J. Cliff Dyer
jcd at sdf.lonestar.org
Wed Jun 24 22:40:29 CEST 2009
On Wed, 2009-06-24 at 20:53 +0100, Angus Rodgers wrote:
> ... my first Python program! So please be gentle (no fifty ton
> weights on the head!), but tell me if it's properly "Pythonic",
> or if it's a dead parrot (and if the latter, how to revive it).
Yay. Welcome to Python.
> I'm working from Beazley's /Python: Essential Reference/ (2nd
> ed. 2001), so my first newbie question is how best to find out
> what's changed from version 2.1 to version 2.5. (I've recently
> installed 2.5.4 on my creaky old Win98SE system.) I expect to
> be buying the 4th edition when it comes out, which will be soon,
> but before then, is there a quick online way to find this out?

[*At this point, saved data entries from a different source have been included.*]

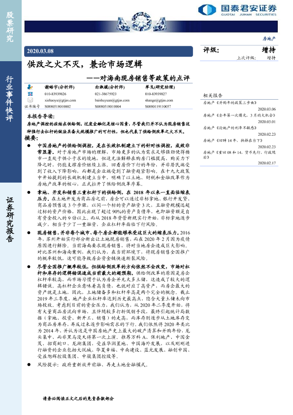 【国泰君安证券】【20200308】对海南现房销售等政策的点评:供改之火不灭,兼论市场逻辑-3页
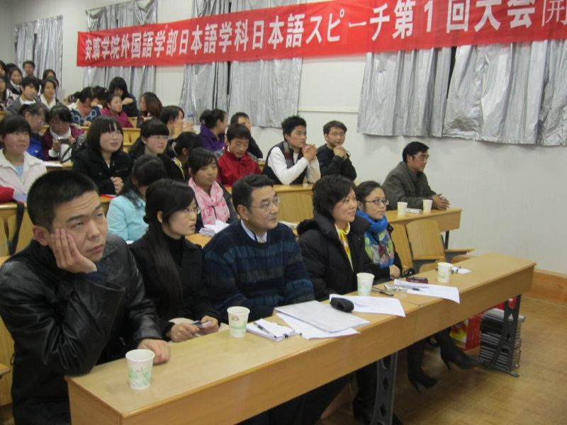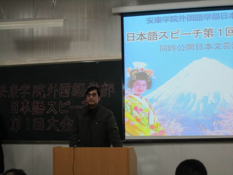 为丰富我系日语专业第二课堂活动,激发同学们学习日语的热情,增强学习日语的兴趣,12月9日19时30分,在外语系6408教室 “外语系首届日语演讲比赛”( 外国語学部日本語スピーチ第1回大会)拉开了帷幕。本次比赛分为专业组与非专业组,共有28人参赛。比赛由日语专业09级董敬和2010级蔡雨森主持,系主任哈红光老师,党总支书记李岩老师等领导出席了比赛。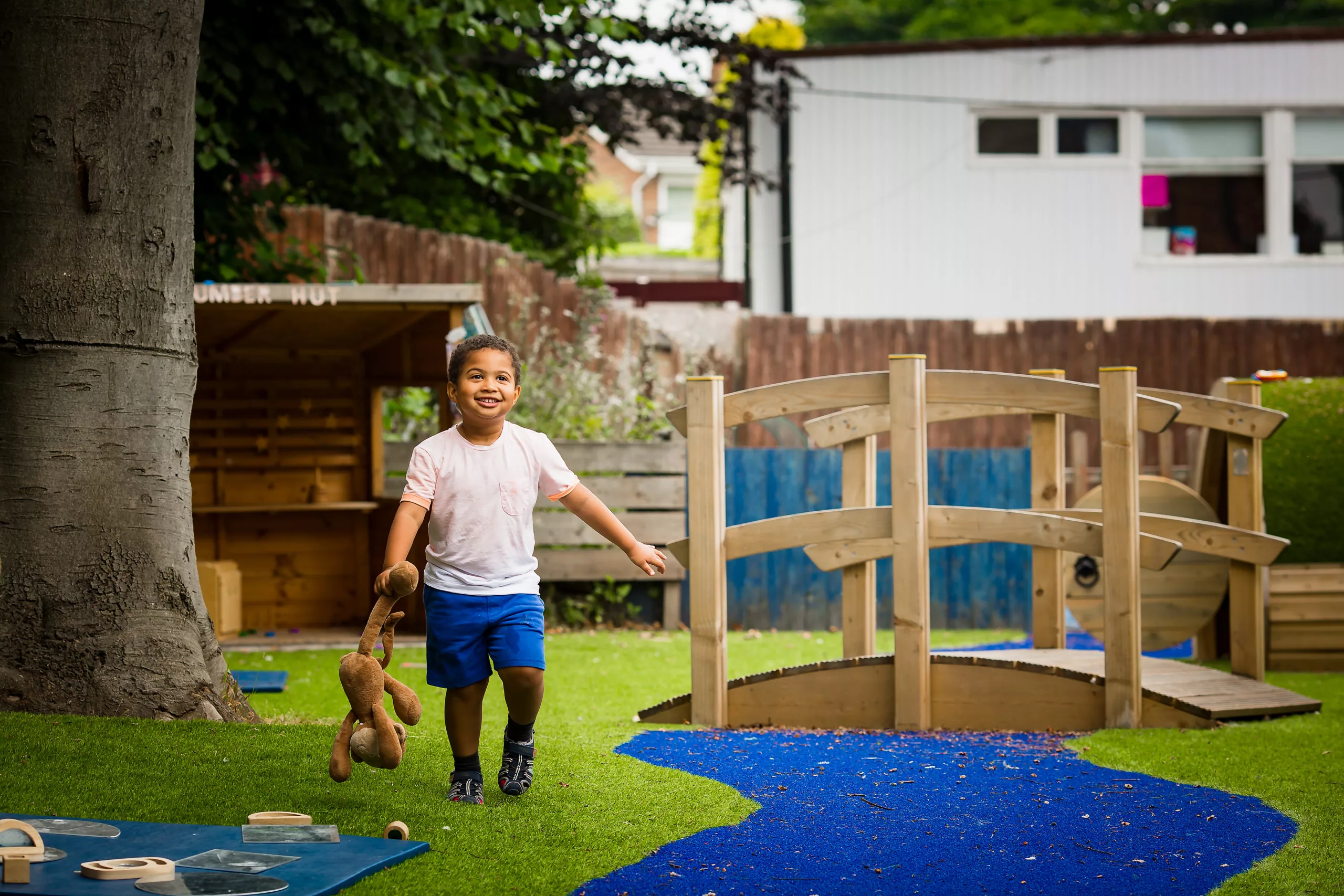 Joseph is walking in a garden, holding a teddy with one hand. He is wearing a pink t-shirt and blue shorts.

Check here: http://docs.python.org/whatsnew/index.html
It's not designed to be newbie friendly, but it's in there.
> Having only got up to page 84 - where we can actually start to
> read stuff from the hard disk - I'm emboldened to try to learn
> to do something useful, such as removing all those annoying hard
> tab characters from my many old text files (before I cottoned on
> to using soft tabs in my text editor).
> This sort of thing seems to work, in the interpreter (for an
> ASCII text file, named 'h071.txt', in the current directory):
> stop = 3 # Tab stops every 3 characters
> from types import StringType # Is this awkwardness necessary?
Not anymore. You can just use str for this.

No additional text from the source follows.